[[ Supplied data, beginning ]]

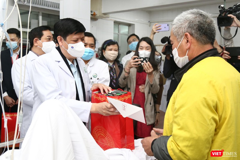 Bộ trưởng Nguyễn Thanh Long ân cần thăm hỏi và tặng quà, động viên các bệnh nhân ở BV Việt Đức và BV Nhi TW yên tâm điều trị |
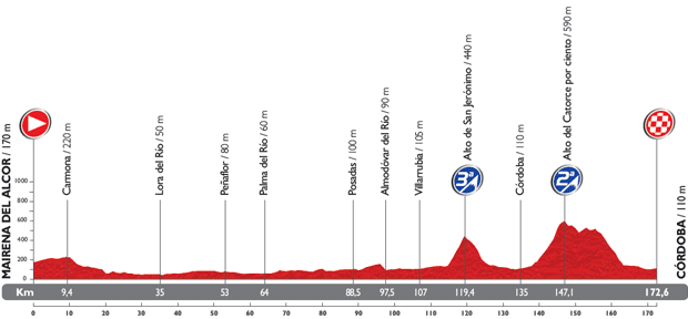 Een vrijwel volledig vlakke etappe voor deze 4de etappe, in ieder geval voor de eerste 115 kilometers. Na de start in Mairena del Alcor is het parcours vrijwel volledig vlak, tot aan de Alto de San Jerónimo (3de categorie) en met de beklimming van de Alto del Catorce por ciento (die een gemiddeld stijgingspercentage moet hebben van 14% als we af kunnen gaan op de naam en die ook op het programma stond voor de finish in Córdoba in 2009 toen de etappe werd gewonnen door Lars Boom) is de kans groot dat een klein groepje of een renner alleen als eerste aan de finish komt in Córdoba!
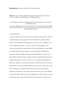 Rothman, J., Long, D., Iverson, M., Judy, T., Lingwall, A. and Chakravarty, T. (2016) Older age of onset in child L2 acquisition can be facilitative: evidence from the acquisition of English passives by Spanish natives. Journal of Child Language, 43 (3). pp. 662-686. ISSN 0305-0009 doi: 10.1017/S0305000915000549
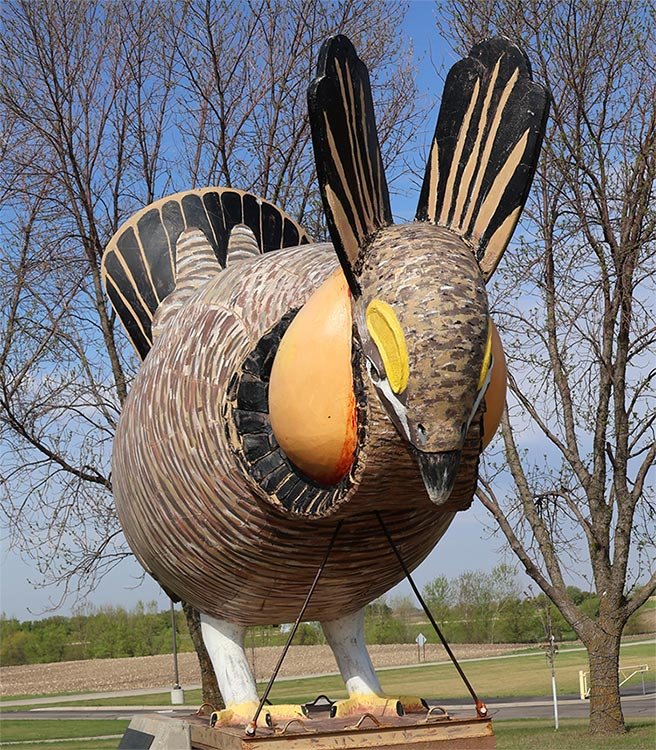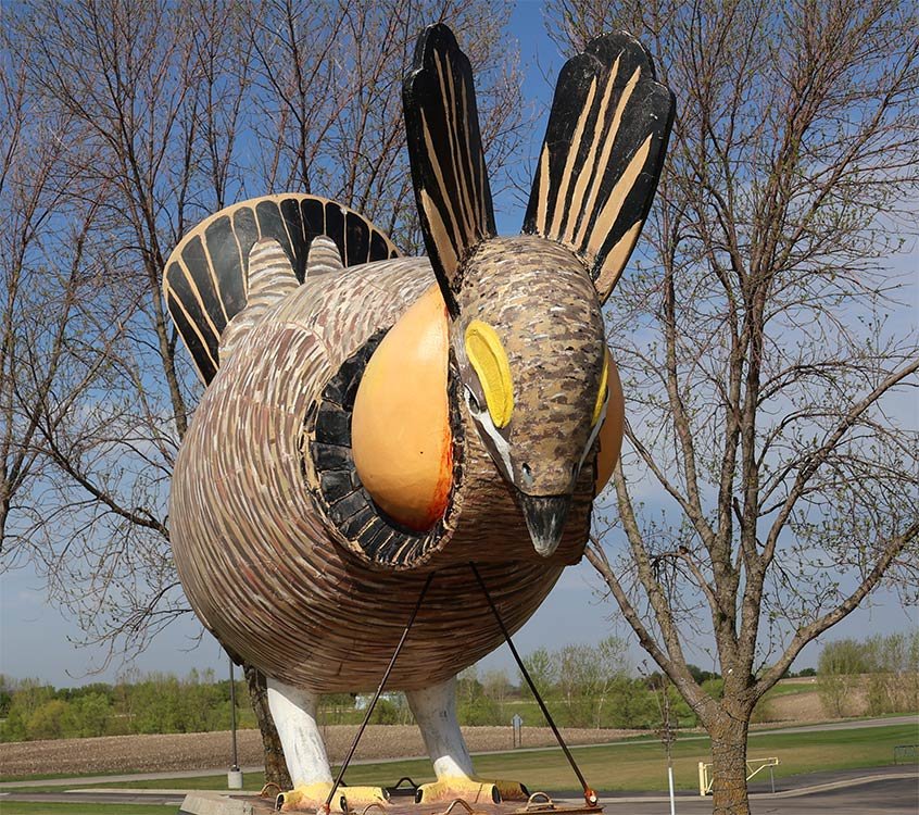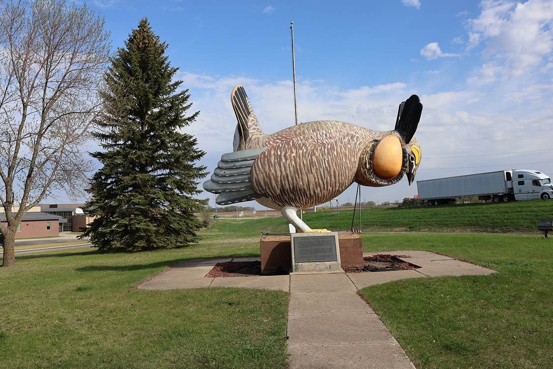On Friday we continued our theme of visiting "The World's Largest" as we entered back into Minnesota where we previously saw the Jolly Green Giant. First up was the World's Largest Prairie Chicken in Rothsay, Minnesota, the prairie chicken capital of Minnesota. The prairie chicken statue reaches 13 feet high, 18 feet long and weighs 9,000 pounds.

[[ Supplied data, end ]]

▶ **Work to be completed**: Restate word for word, and only, the lines from the line that contains "Een vrijwel volledig" through the end of the data, both included; pictures are not part of the copy.

▶ **Answer to this exercise**:
 Een vrijwel volledig vlakke etappe voor deze 4de etappe, in ieder geval voor de eerste 115 kilometers. Na de start in Mairena del Alcor is het parcours vrijwel volledig vlak, tot aan de Alto de San Jerónimo (3de categorie) en met de beklimming van de Alto del Catorce por ciento (die een gemiddeld stijgingspercentage moet hebben van 14% als we af kunnen gaan op de naam en die ook op het programma stond voor de finish in Córdoba in 2009 toen de etappe werd gewonnen door Lars Boom) is de kans groot dat een klein groepje of een renner alleen als eerste aan de finish komt in Córdoba!
 Rothman, J., Long, D., Iverson, M., Judy, T., Lingwall, A. and Chakravarty, T. (2016) Older age of onset in child L2 acquisition can be facilitative: evidence from the acquisition of English passives by Spanish natives. Journal of Child Language, 43 (3). pp. 662-686. ISSN 0305-0009 doi: 10.1017/S0305000915000549
On Friday we continued our theme of visiting "The World's Largest" as we entered back into Minnesota where we previously saw the Jolly Green Giant. First up was the World's Largest Prairie Chicken in Rothsay, Minnesota, the prairie chicken capital of Minnesota. The prairie chicken statue reaches 13 feet high, 18 feet long and weighs 9,000 pounds.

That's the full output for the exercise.